DATASET CONTENT section start
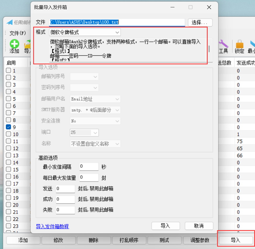 把令牌邮箱放到TXT文件,在发件箱界面点击导入,或者拖入TXT文件到发件箱界面,软件就能自动识别上面两种格式,点击导入即可。
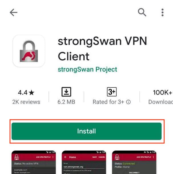 1. Install a strongSwan VPN Client from the Google Play Store.
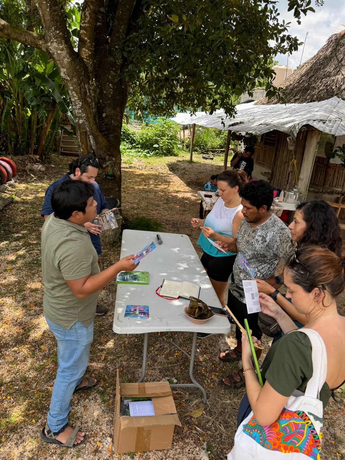 Este fin de semana, Abrahán Collí Tun, Julián Dzul Nah, diseñadores del material bibliográfico presentaron durante el tianguis ecológico de Uyoolche que se realiza los días sábado cada 15 días, a través de una dinámica interactiva con el público presente.
DATASET CONTENT section end
**AIM OF THE EXERCISE**
The reply has to reproduce every line above verbatim and contain no pictures.

**SOLUTION TO THIS TASK**
 把令牌邮箱放到TXT文件,在发件箱界面点击导入,或者拖入TXT文件到发件箱界面,软件就能自动识别上面两种格式,点击导入即可。
 1. Install a strongSwan VPN Client from the Google Play Store.
 Este fin de semana, Abrahán Collí Tun, Julián Dzul Nah, diseñadores del material bibliográfico presentaron durante el tianguis ecológico de Uyoolche que se realiza los días sábado cada 15 días, a través de una dinámica interactiva con el público presente.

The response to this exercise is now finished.